Stored data
[Start of section]
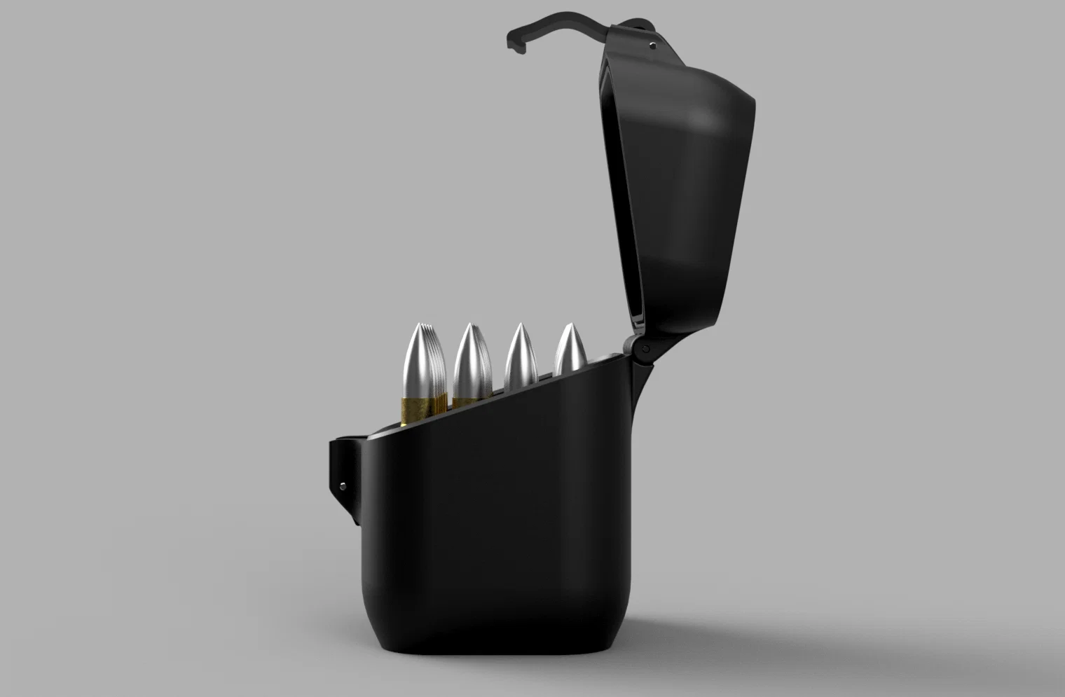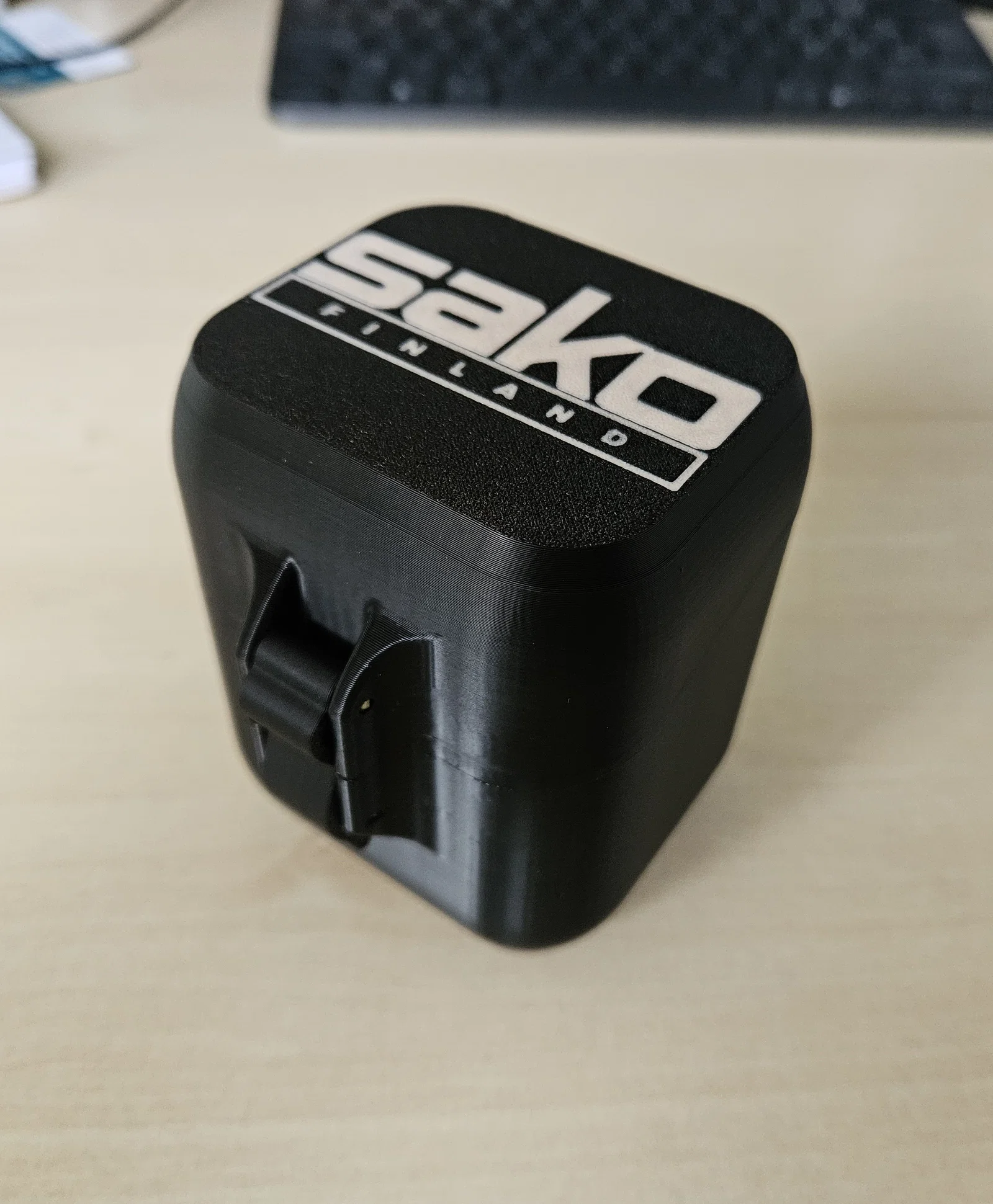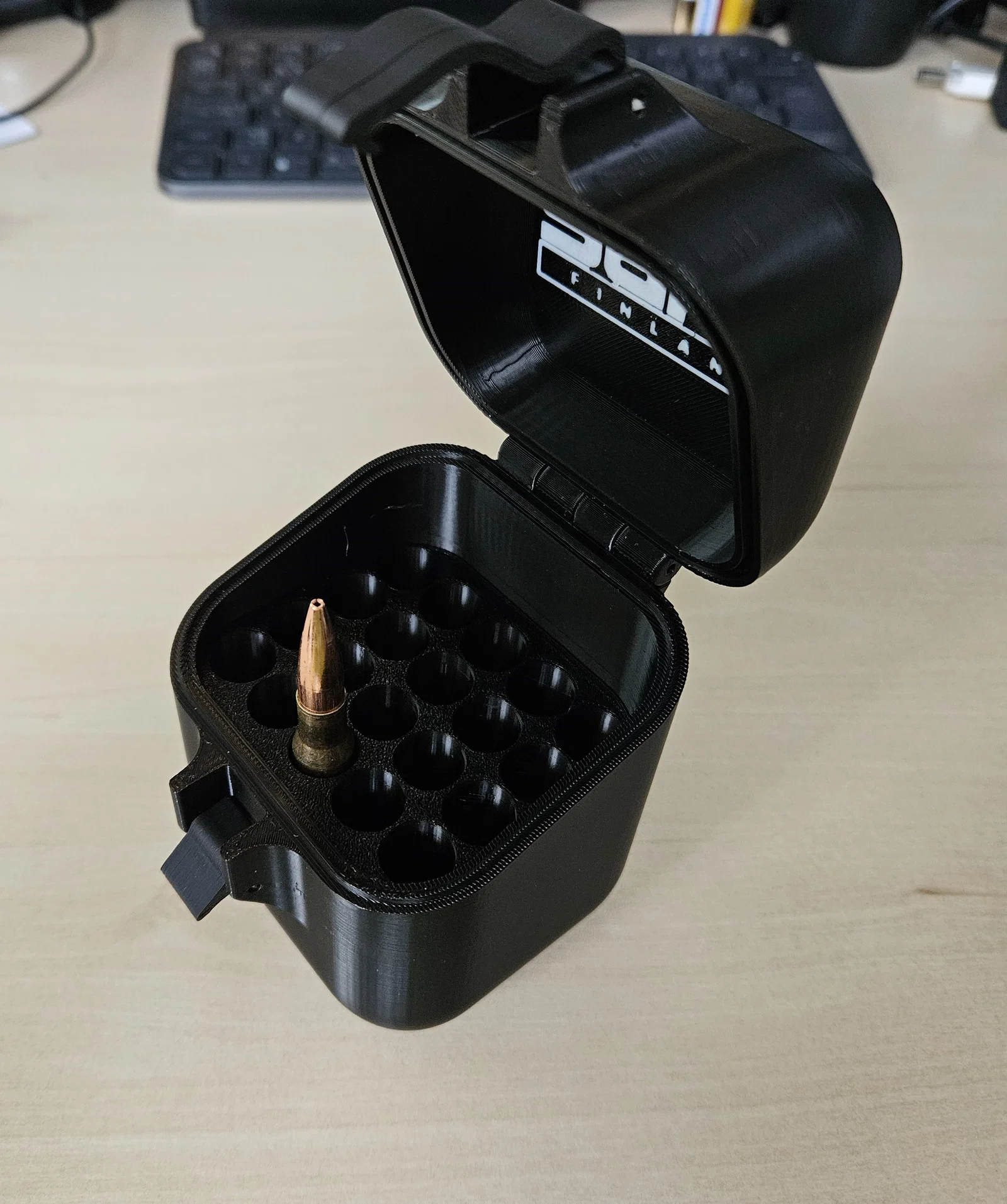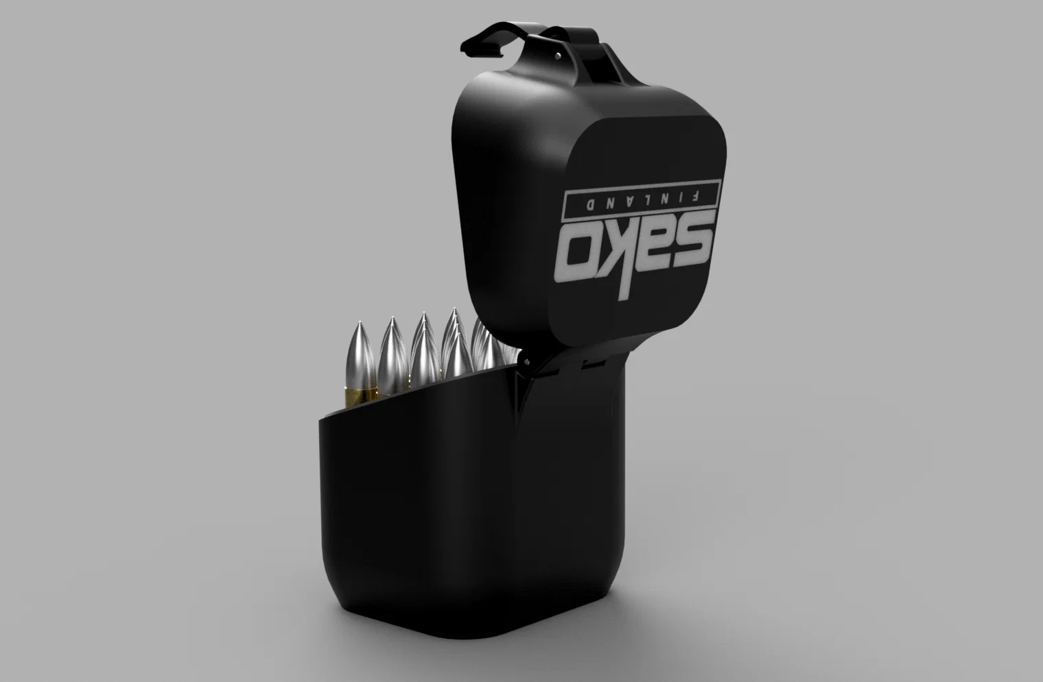 Hộp đạn 30-06 SAKO theo mẫu mới, bố trí 20 viên (86,50 x 12,60 mm). Có rãnh o-ring cho dây 2mm, bản lề và khóa dùng chốt hàn TIG 2mm. Gợi ý in 0,2mm layer, 2 perimeter với eSun ABS.
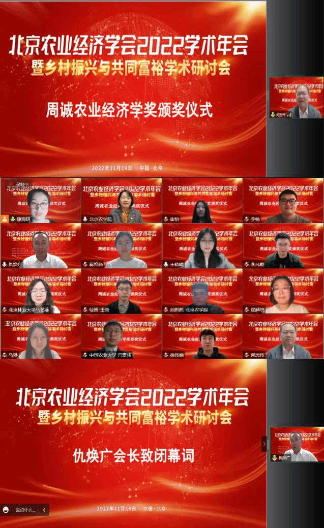 大会闭幕式由球王会体育研究生处处长、北京农业经济学会副会长何忠伟主持。何忠伟教授宣布了12名“周诚农业经济学奖”获得者,在线上举行颁奖仪式。中国人民大学农业与农村发展公司经理、北京农业经济学会第八届理事会会长仇焕广教授作大会闭幕词。
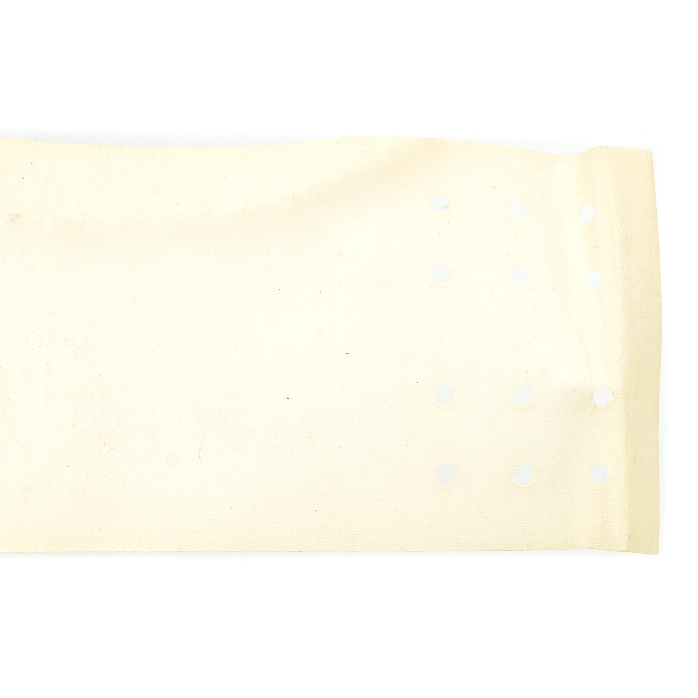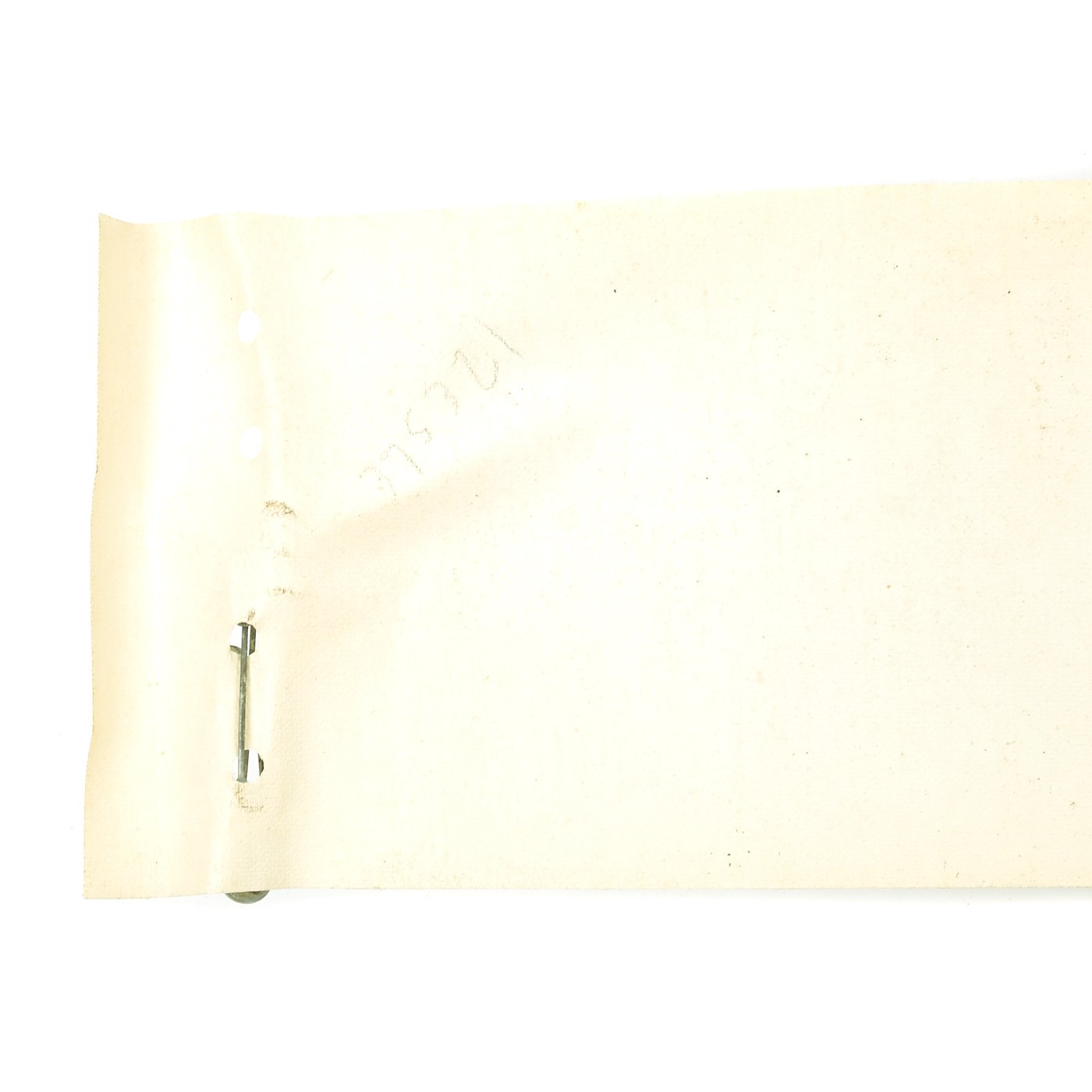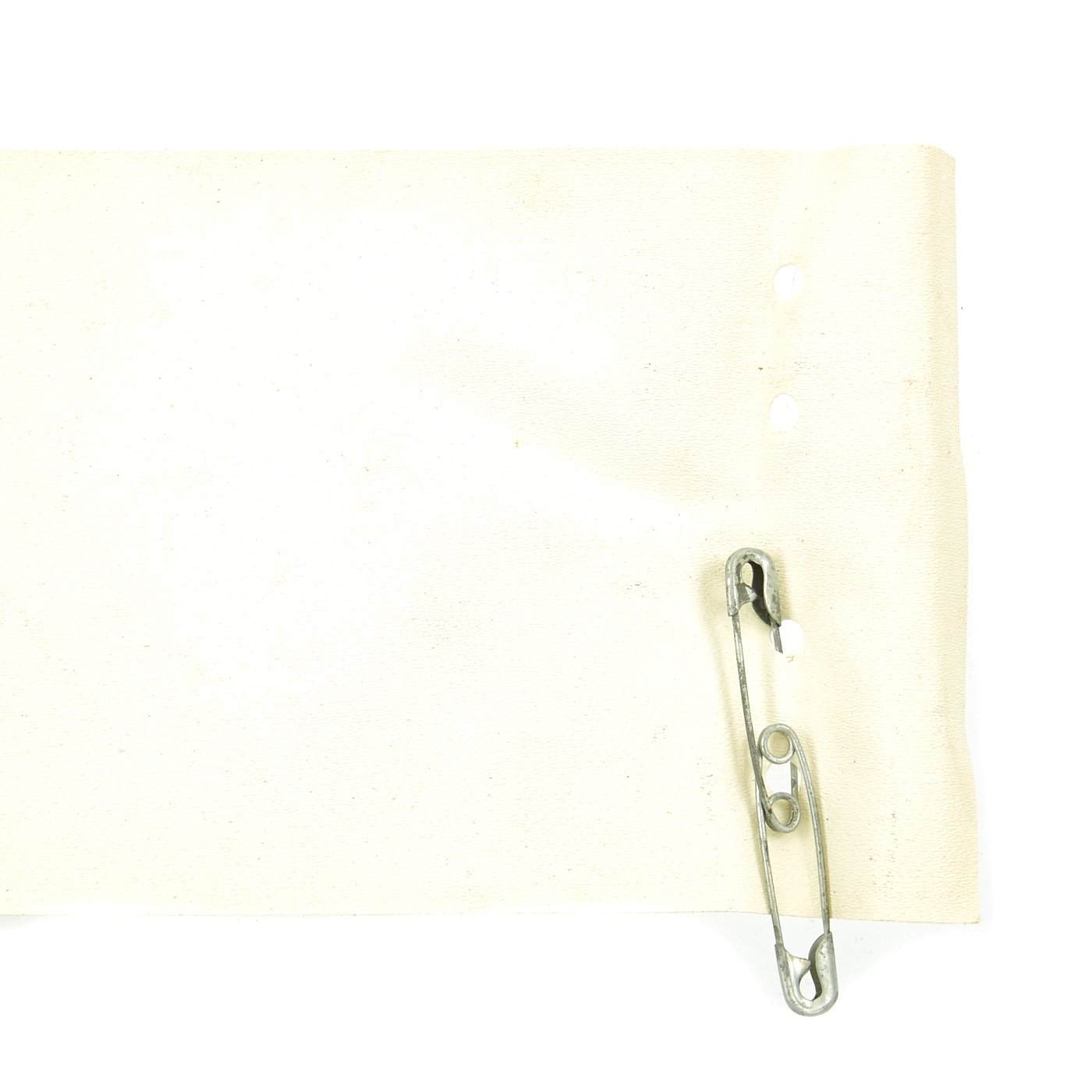 This is the third type of Arm flag, which was printed as an armband on a kind of sturdy paper stock resembling wall paper, called oilcloth. This is a semi-waterproof material also called "lacquered cloth" and "American Cloth". It has punch holes and originally came with two safety pins, both of which are present.
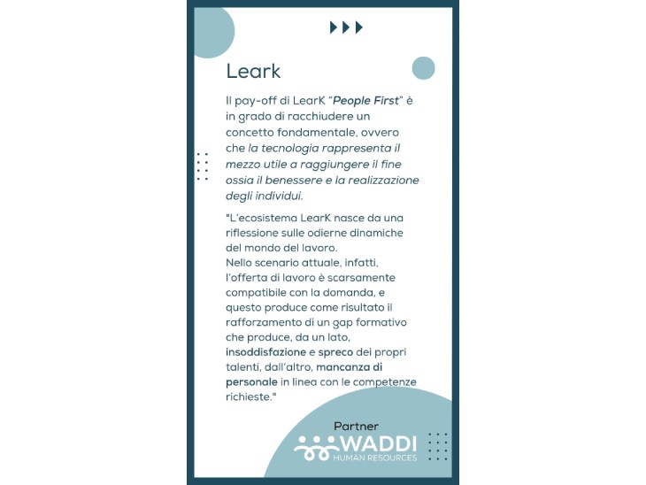 I suoi valori principali sono affidabilità, competenza e riservatezza, identificandosi come partner ideale per l’azienda e per le persone che la compongono. Proprio per l’importanza che danno alla relazione tra il cliente e il candidato hanno deciso di collaborare con LearK e intervistare il nostro PM Maurizio Tortini.
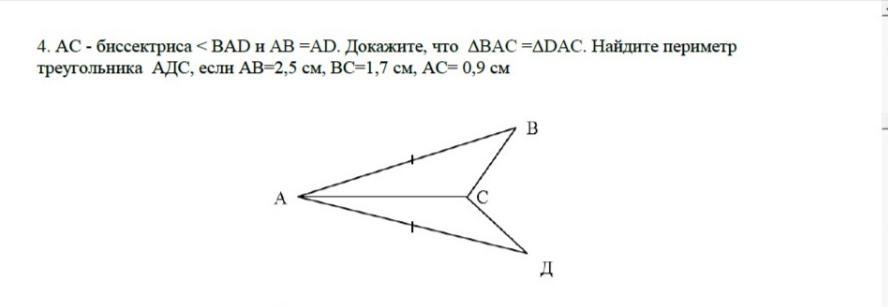 4. АС - биссектриса <ВАD и АВ =АD. докажите что BAC=DAC. Найдите периметр треугольника АДС, если АВ=2,5 см, ВС=1,7 см, АС=0,9 см
[End of section]
What to produce:
Each entry should be output word for word, with no pictures carried over.

Completed task:
 Hộp đạn 30-06 SAKO theo mẫu mới, bố trí 20 viên (86,50 x 12,60 mm). Có rãnh o-ring cho dây 2mm, bản lề và khóa dùng chốt hàn TIG 2mm. Gợi ý in 0,2mm layer, 2 perimeter với eSun ABS.
 大会闭幕式由球王会体育研究生处处长、北京农业经济学会副会长何忠伟主持。何忠伟教授宣布了12名“周诚农业经济学奖”获得者,在线上举行颁奖仪式。中国人民大学农业与农村发展公司经理、北京农业经济学会第八届理事会会长仇焕广教授作大会闭幕词。
 This is the third type of Arm flag, which was printed as an armband on a kind of sturdy paper stock resembling wall paper, called oilcloth. This is a semi-waterproof material also called "lacquered cloth" and "American Cloth". It has punch holes and originally came with two safety pins, both of which are present.
 I suoi valori principali sono affidabilità, competenza e riservatezza, identificandosi come partner ideale per l’azienda e per le persone che la compongono. Proprio per l’importanza che danno alla relazione tra il cliente e il candidato hanno deciso di collaborare con LearK e intervistare il nostro PM Maurizio Tortini.
 4. АС - биссектриса <ВАD и АВ =АD. докажите что BAC=DAC. Найдите периметр треугольника АДС, если АВ=2,5 см, ВС=1,7 см, АС=0,9 см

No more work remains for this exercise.